In the weeks in which the big fashion brands present their collections for the next seasons, a curious phenomenon occurs. Around the fashion shows and presentations you can feel the pulse of people who work around the world: you just need to look at editors, journalists, buyers and agents to grasp the latest trend, the definitive style gesture that defines them as people who understand fashion. It can be something as simple as the way you wear a piece, a color, or a pattern, and this season there’s a styling trick that does all three. controls: a bright red sweater tied at the waist or crossed over the shoulders.
This look emerged last August at Oslo Fashion Week, an event outside the big leagues, but within the urban trend circuit thanks to the great prescribing power of Scandinavian women.

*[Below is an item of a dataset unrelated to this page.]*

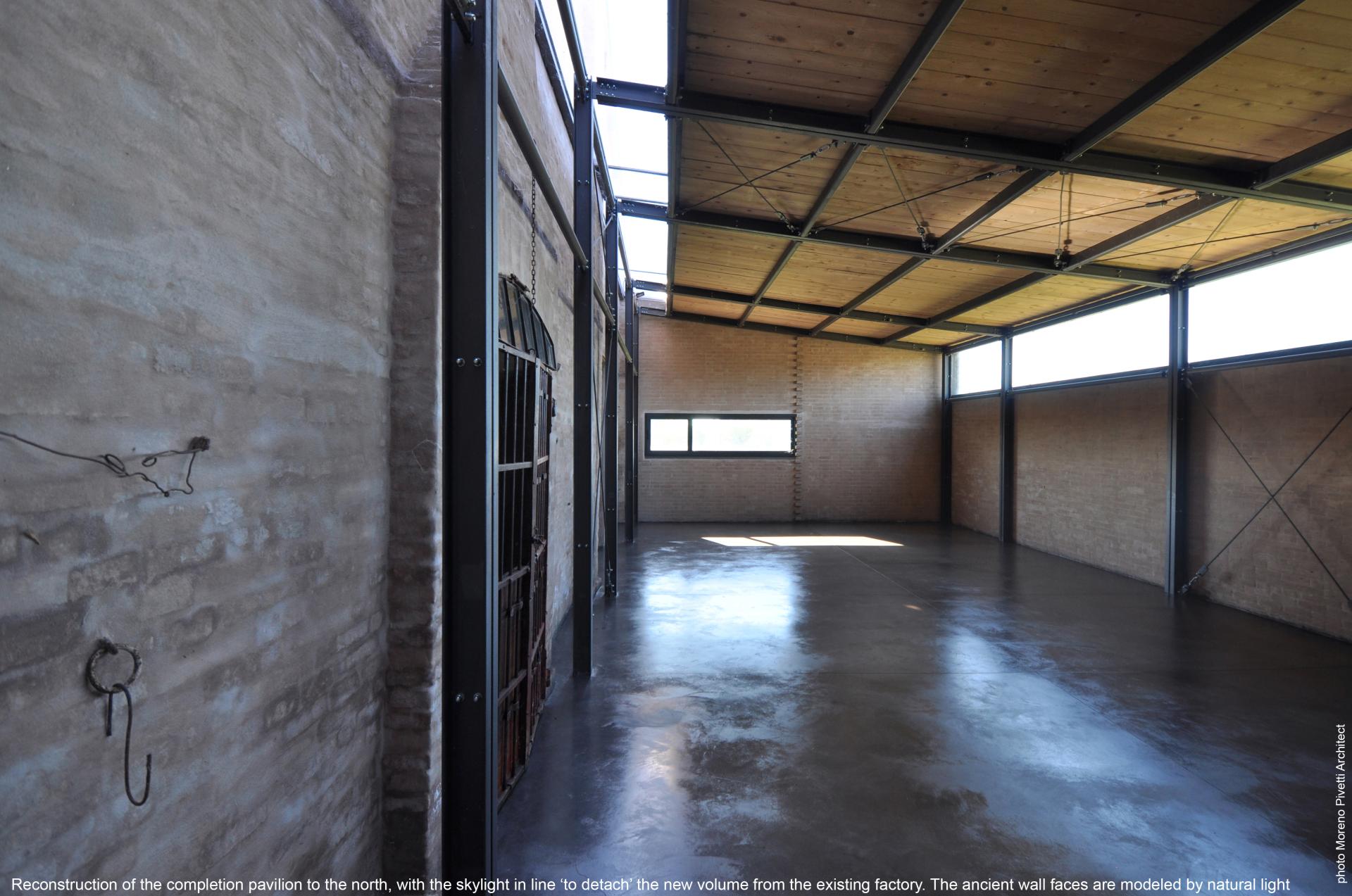 The restoration of the old envelope of the building is carried out with the aim of highlighting the successive layers that have shaped it, making it a narrative document of the history and events that have progressively transformed it. Among these multiple traces, punctual interventions have been inserted, limited to a restricted range of materials. The spaces are redesigned, paying particular attention to the unraveling of the passageways between one room and another, carrying out selective excavations and “creative demolitions”. The new insertions, chromatically neutral and with a minimal appearance, exhibit the silent commentary on the ancient and tormented envelope that welcomes them. From the metal frames of the new ‘intra-muros’ structures, in anthracite gray color, to the floors of smooth quartz concrete, on which the changing figures draw by natural light dance amazingly. Each new insertion – from the coupled profiles of the pillars to the bracing, from the metal gratings to the corrugated sheet slabs – respects a single rule, the one that requires that new materials and structures are approached without touching them to the pre-existing wall systems, declaring their otherness. Between the existing factory and what has been added or replaced there are no mediations or mimetic intentions, as we wanted to “incorporate” between the stratifications that form the ancient building structures and floors that separate them and recompose them as a “museum of oneself”, narrated by the passage of time, which is preparing to relive in the future role of research laboratory on the landscape. The materials used for the new insertions are mechanical, aseptic, free of imperfections, such as not to oppose any abstacles to the touch; handcrafted, corroded, mixed and troubled are those materials that time has used to write the history of the building.

There was the influencer Tine Andrea Lauvli who tied a scarlet sweater at the waist to her baggy jeans, in a gesture as practical in the face of the uncertainty of the Nordic summer as it was effective: she added a touch of color that was impossible to avoid. The photo remained forever in the archive street style of the week.
A short leap in time brings us to New York Fashion Week. Here too, the gesture once again captured the interest of urban photographers: the editorial director Sarah Harris appeared one day with a bright red sweater crossed over a white t-shirt, and almost in parallel, the content creator Grece Ghanem – who owes her fame on social networks to her personal style, but also to her atypical profile: a 60-year-old microbiologist who fascinates fashion brands – wore another one to highlight her waist over a pink Tibi dress. In an interview for the magazine Net-à-PorterGrece says that for her “it’s not about a trend, but an attitude” and that “it’s about a piece that gives me confidence, joy and makes me shine.”
The final endorsement for the knotted red sweater was, perhaps, seeing the new director Rowing -or rather, the new ‘content manager’ of the newspaper, heir of Anna Wintour and daughter of Candice Bergen and Louis Malle- Chloe Malle arrives at a Mugler fashion show in Paris with a sweater draped casually over the shoulders of her floral shirt. Some niche brands had already toyed with the idea of pairing a red sweater over outfits that we wouldn’t have thought of a priori, like New York-based Irish designer María McManus in her Resort 2026 collection, or Loewe in its proposal for spring next year.

And shortly after, already in autumn, the red sweater with a round neck and long sleeves begins to appear everywhere and in all price ranges: in the same season we can buy it from Zara, from Arket, from Róhe, from COS, from Uniqlo, from Khaite or from The Row, to name some of the most influential urban style brands.
Red tones have always been associated with intense emotions, from passion to power. Gabrielle Chanel said it in one of her memorable phrases: “Red is the color of life, love and blood. It is the color of passion.”

In fact, there is a phenomenon called “the power tie”, according to which a red tie conveys an image of greater confidence and ability in corporate environments. Him power constraint It consolidated in the 1980s, when the professional image began to be understood as a tool of strategic leadership and here red functioned as a visual symbol of authority, confidence and determination. It is no coincidence that Donald Trump, Ronald Reagan or Bill Clinton made the red tie their visual signature during key speeches.

The red sweater, for its part, speaks of belonging to another group, that of those who “know fashion”, who know perfectly the color of the season and who, moreover, have learned the art of wearing it in an apparently casual way, as if the trend they are building by wearing it was not theirs.

So if you notice that you I wait It’s too neutral and something is missing, consider putting a red sweater over it, a bit haphazardly, as if you hadn’t thought about how powerful a stylistic appeal it is.